Supplied material Block Start
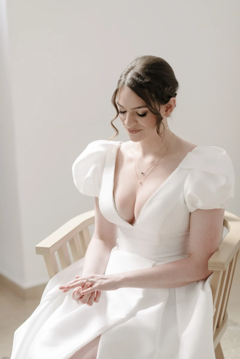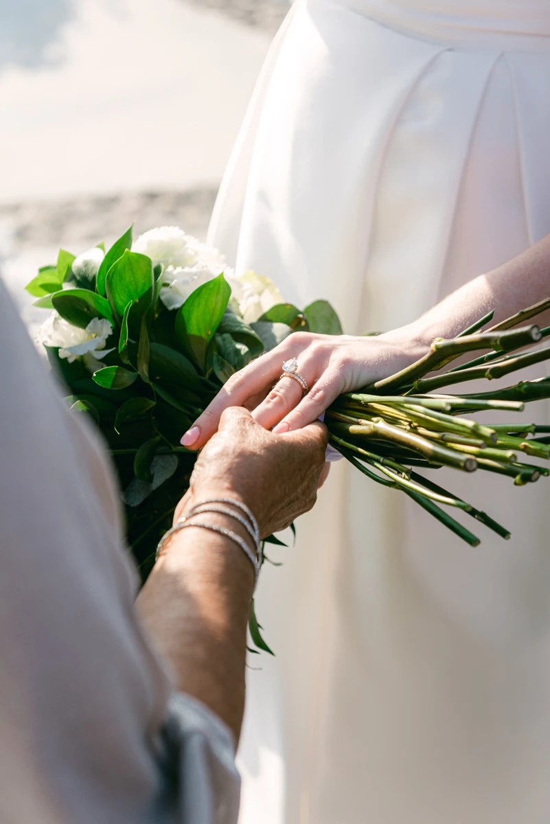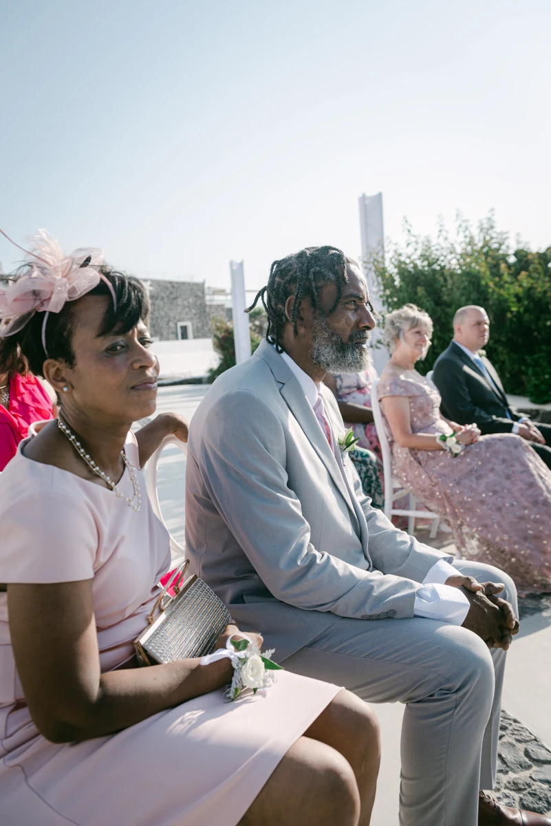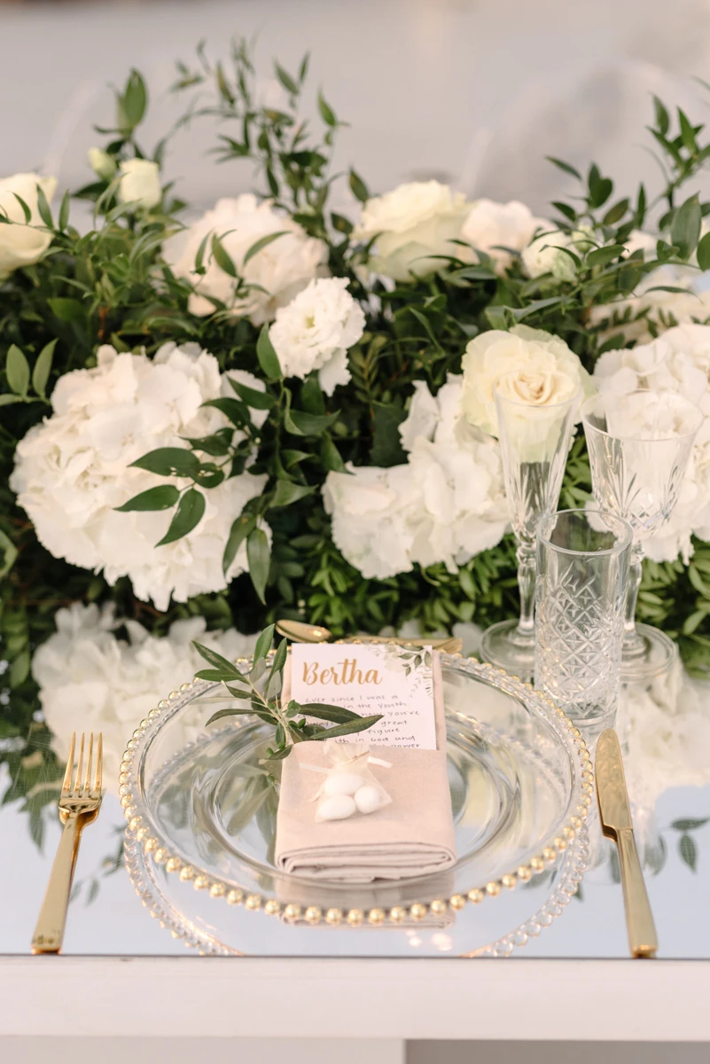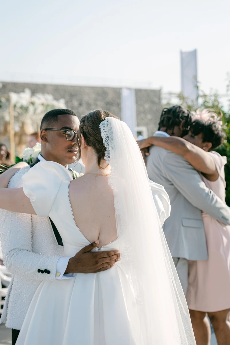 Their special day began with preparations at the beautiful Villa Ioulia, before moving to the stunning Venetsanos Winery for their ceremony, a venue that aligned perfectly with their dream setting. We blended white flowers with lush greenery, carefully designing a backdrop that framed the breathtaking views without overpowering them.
Supplied material Block End
Supplied material Block Start
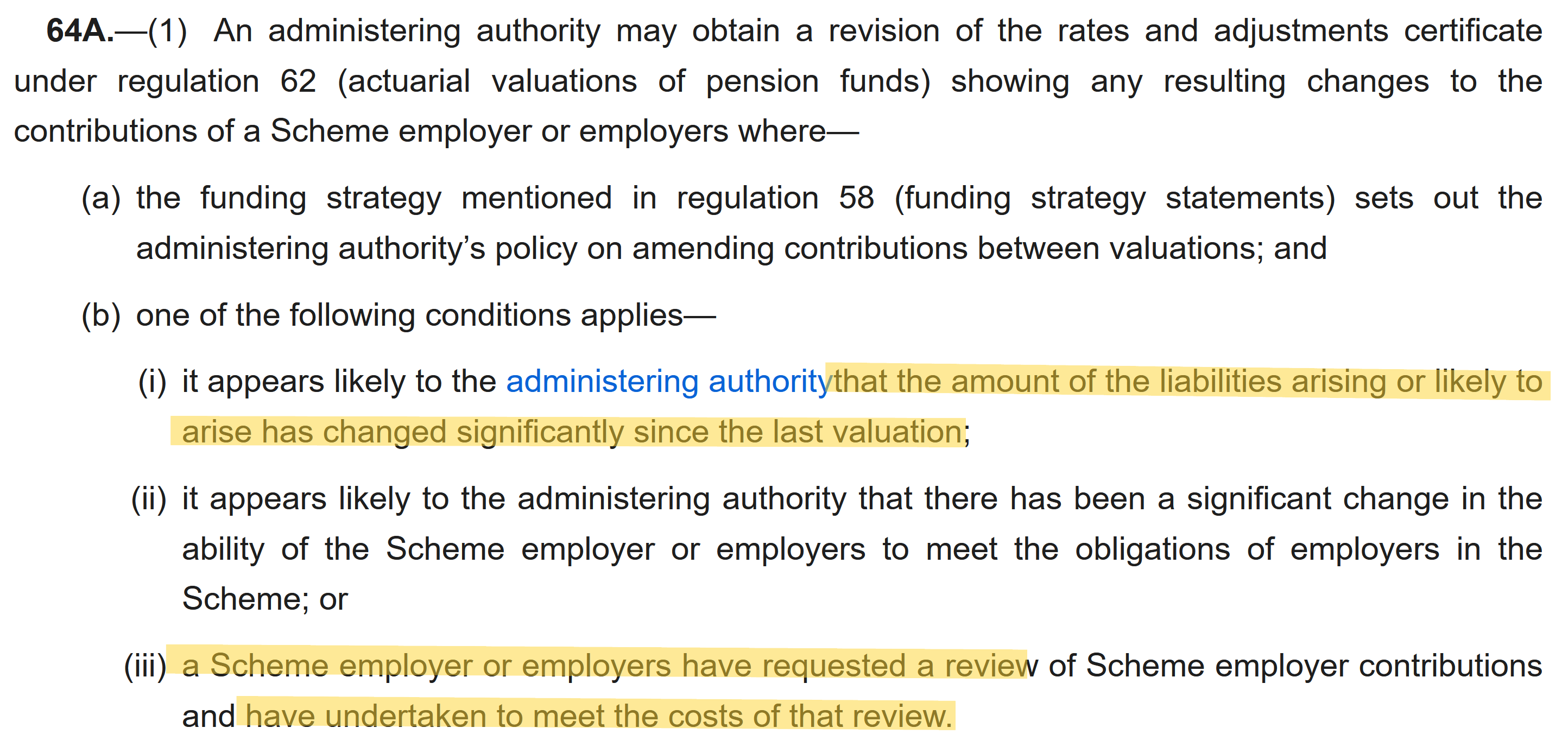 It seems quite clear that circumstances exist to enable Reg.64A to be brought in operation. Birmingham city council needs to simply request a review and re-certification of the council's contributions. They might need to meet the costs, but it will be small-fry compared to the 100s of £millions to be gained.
Supplied material Block End
Supplied material Block Start
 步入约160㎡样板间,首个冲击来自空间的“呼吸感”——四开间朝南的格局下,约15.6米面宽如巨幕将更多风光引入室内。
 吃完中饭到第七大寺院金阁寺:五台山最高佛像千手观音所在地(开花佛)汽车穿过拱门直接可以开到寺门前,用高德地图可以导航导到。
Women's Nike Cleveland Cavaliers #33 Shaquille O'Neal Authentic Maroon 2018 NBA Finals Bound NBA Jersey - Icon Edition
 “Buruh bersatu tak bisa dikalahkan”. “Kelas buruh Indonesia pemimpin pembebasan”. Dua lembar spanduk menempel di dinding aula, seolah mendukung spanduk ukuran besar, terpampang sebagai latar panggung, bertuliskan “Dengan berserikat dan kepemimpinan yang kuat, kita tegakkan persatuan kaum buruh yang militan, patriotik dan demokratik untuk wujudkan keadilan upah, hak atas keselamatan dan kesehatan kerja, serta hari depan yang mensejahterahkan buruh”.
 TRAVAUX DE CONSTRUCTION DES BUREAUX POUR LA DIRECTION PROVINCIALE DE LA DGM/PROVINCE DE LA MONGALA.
Supplied material Block End
_Work instruction_. Restate word for word the lines of the data above, starting at the line containing "Women's Nike Cleveland" and ending at the line containing "TRAVAUX DE CONSTRUCTION", both included, and nothing more.

_Your solution_.
Women's Nike Cleveland Cavaliers #33 Shaquille O'Neal Authentic Maroon 2018 NBA Finals Bound NBA Jersey - Icon Edition
 “Buruh bersatu tak bisa dikalahkan”. “Kelas buruh Indonesia pemimpin pembebasan”. Dua lembar spanduk menempel di dinding aula, seolah mendukung spanduk ukuran besar, terpampang sebagai latar panggung, bertuliskan “Dengan berserikat dan kepemimpinan yang kuat, kita tegakkan persatuan kaum buruh yang militan, patriotik dan demokratik untuk wujudkan keadilan upah, hak atas keselamatan dan kesehatan kerja, serta hari depan yang mensejahterahkan buruh”.
 TRAVAUX DE CONSTRUCTION DES BUREAUX POUR LA DIRECTION PROVINCIALE DE LA DGM/PROVINCE DE LA MONGALA.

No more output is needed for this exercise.